When done properly and not gilded with political venom, news can actually be informative. The New York Times had the proper stories in the proper order Wednesday night on its home page.
You had to scroll down a bit to see it, but the breaking Smollett story appears first, above a story on the collapse of civilization in Venezuela, which is above the nut job domestic terrorist Coast Guard story.
This is the proper order of the stories. Honestly, I wouldn’t blame liberal media outlets for going with the Coast Guard story first, since many of them were (literally) singled out on a death list. But news should properly be reported to get at truth, not for personal vendetta or out of retribution.
The Times story on Smollett even quoted National Review’s Ramesh Ponnuru, straight up, without mockery or derision.
Ramesh Ponnuru, a senior editor at National Review, said on Wednesday: “I think that the initial reaction suggested that there is a lot of credulity, especially among liberals who were looking at a story that seemed to confirm their impressions about Trump supporters.”
Conservatives can be just as guilty as liberals in the media of forcing our agenda into the news. In many cases, I say “who can blame us?” since we’re regularly assaulted by openly hostile reporters and media who carry railcars of baggage and bias into every story. But there’s a warning here: We need to be just as careful to avoid echo chambers and halls of mirrors.
The Smollett story smelled of hoax from the moment I first saw it. I even expected the left to ride it like a bronco, and they did. But now that the “story” has played out, kudos to the NYT for at least acknowledging confirmation bias. (No such luck with the Washington Post version.)
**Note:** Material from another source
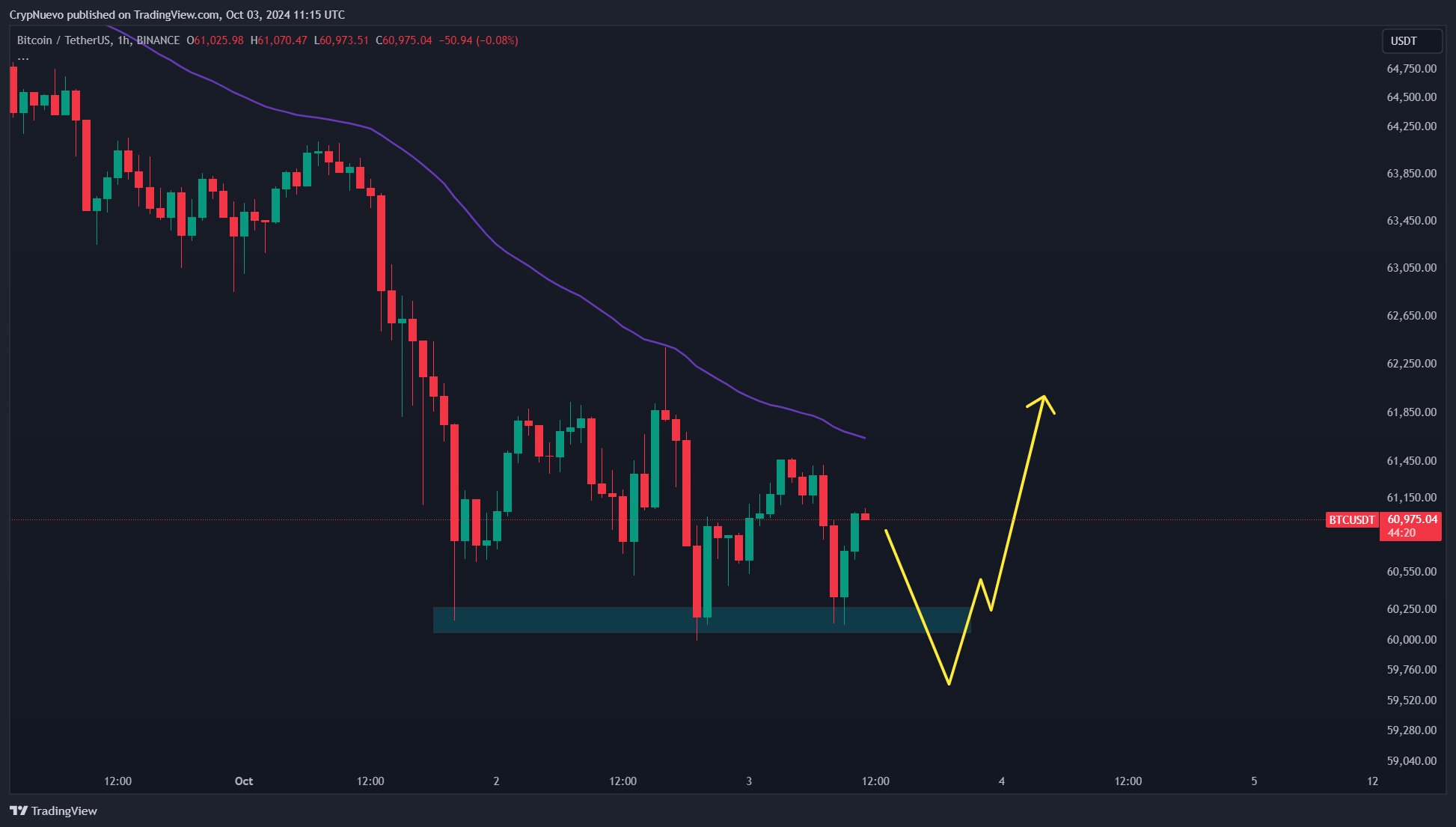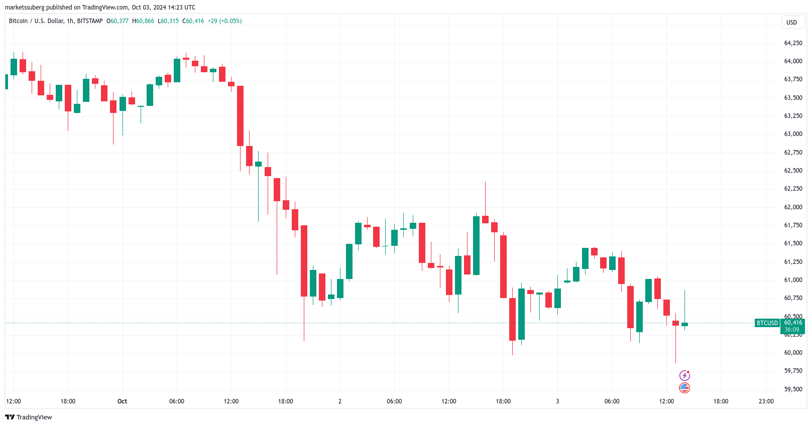 Dữ liệu từ TradingView cho thấy giá BTC chạm mức thấp cục bộ mới là 59.860 USD trên Bitstamp.

The Coast Guard terrorist story deserves its place. There are some dangerous and well-armed nut jobs in America. We need not run interference or minimize the awfulness of this crime. And yes, plotting the deaths of “leftists in general,” maintaining kill lists (including “Sen blumen jew” for Senator Richard Blumenthal), and amassing an arsenal for the purpose of carrying out those plans is an awful crime. It doesn’t matter who is on the list. If your outrage is tempered by the names of the targets, the problem is you.
We conservatives have blasted–deservedly–the likes of Chris Cillizza for his blasé innocent bystander approach to the media’s culpability in the “it’s news for thee but not for me” department. From the Kavanaugh accusers, to the Covington teens, to the Smollett “assault,” left-leaning reporters, editors and news organization executives have gone for the sizzle while leaving the steak to rot and fester.
Let’s not commit the same crime against truth that the main stream media have done over and over again. Let’s not live in our Twitter bubbles where gotcha’s and toldyaso’s are the norm.
The New York Times got the stories right Wednesday night. They didn’t fall into the traps of the Gabby Giffords shooting, or the June 2017 Virginia baseball diamond shooting that left Rep. Steve Scalise fighting for his life. The Coast Guard nut job was not inspired by Donald Trump, and to its credit, the Times didn’t go there.
Before you accuse me of canonizing the NYT, I’ll confess that I know they are liberals. Every story in their editorial section is either critical of President Trump, Christians, the Wall, or in support of man made climate change. But those are editorials.
If we can make this simple rule to keep the news, news, and the opinion, opinion, I think we can all get along. But both sides need to do it. The NYT did a good job this time. Now they need to keep doing it.